Finished my first bottle stopper ( had a few come apart on me on the lathe). This is a piece of stabilized buckeye that I have had for some time. At first I thought it was kind of "plain" looking until I misted it with some water . It's set on a mini cone . Thanks for looking !

Reactions: Like 10


----------



## justturnin (Nov 14, 2013)

I love making bottle stoppers. They are a lot of fun w/ no limits in creativity. I like this shape because it lets the wood do the talking. So many get caught up in crazy shapes the natural look is lost to beads and coves.

Reactions: Like 4


----------



## manbuckwal (Nov 14, 2013)

justturnin said:


> I love making bottle stoppers. They are a lot of fun w/ no limits in creativity. I like this shape because it lets the wood do the talking. So many get caught up in crazy shapes the natural look is lost to beads and coves.

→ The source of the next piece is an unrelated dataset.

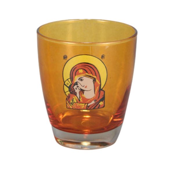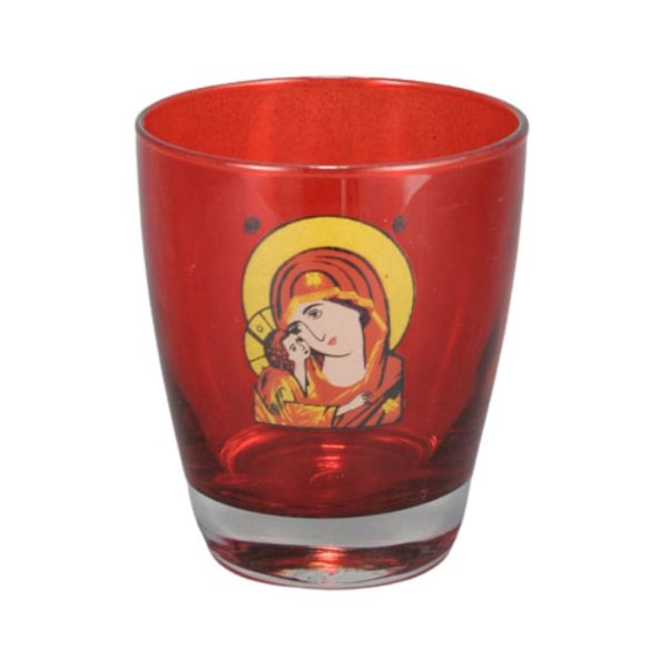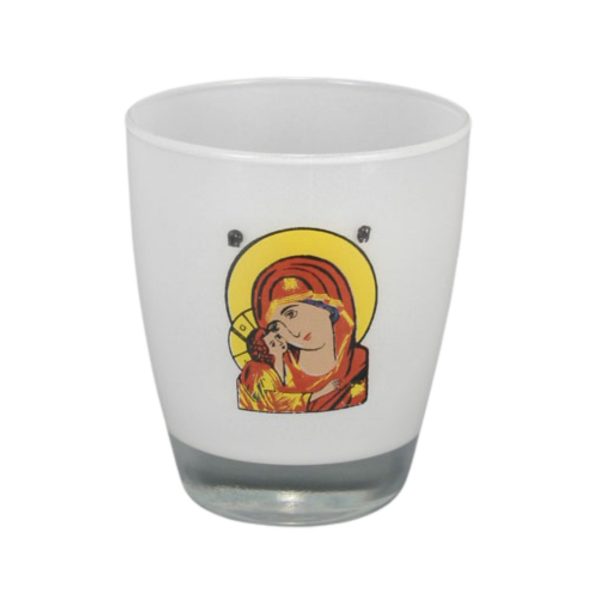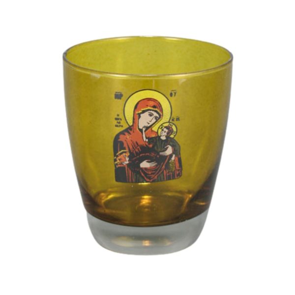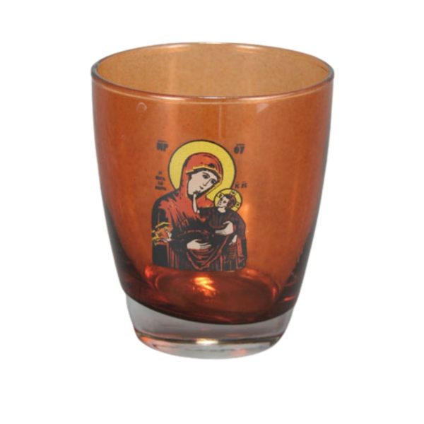Ποτήρι καντήλας από ανθεκτικό στη θερμοκρασία χοντρό γυαλί με ψημένη άφθαρτη χαλκομανία και ποιοτικά χρώματα που αντέχουν στο πλύσιμο. Η οικονομικότερη λύση για επιτραπέζιο καντήλι σε καταπληκτική τιμή χωρίς να στερείται ποιότητας. Καίει περίπου 4-5 ημέρες.

Funny you would say that, cuz I told my wife the same thing. Keep it simple and let the figure in the wood do the talking !

Reactions: Like 1


----------



## Cody Killgore (Nov 14, 2013)

Awesome Tom!!! I'll turn one of these some day... it just won't be that pretty

:allhail:

Reactions: Like 1


----------



## rdnkmedic (Nov 14, 2013)

Nice. I like the wood too. Excellent turn.

Reactions: Like 1


----------



## Kevin (Nov 14, 2013)

Tom that's a beauty. Form and wood - you nailed it.



justturnin said:


> ... So many get caught up in crazy shapes the natural look is lost to beads and coves.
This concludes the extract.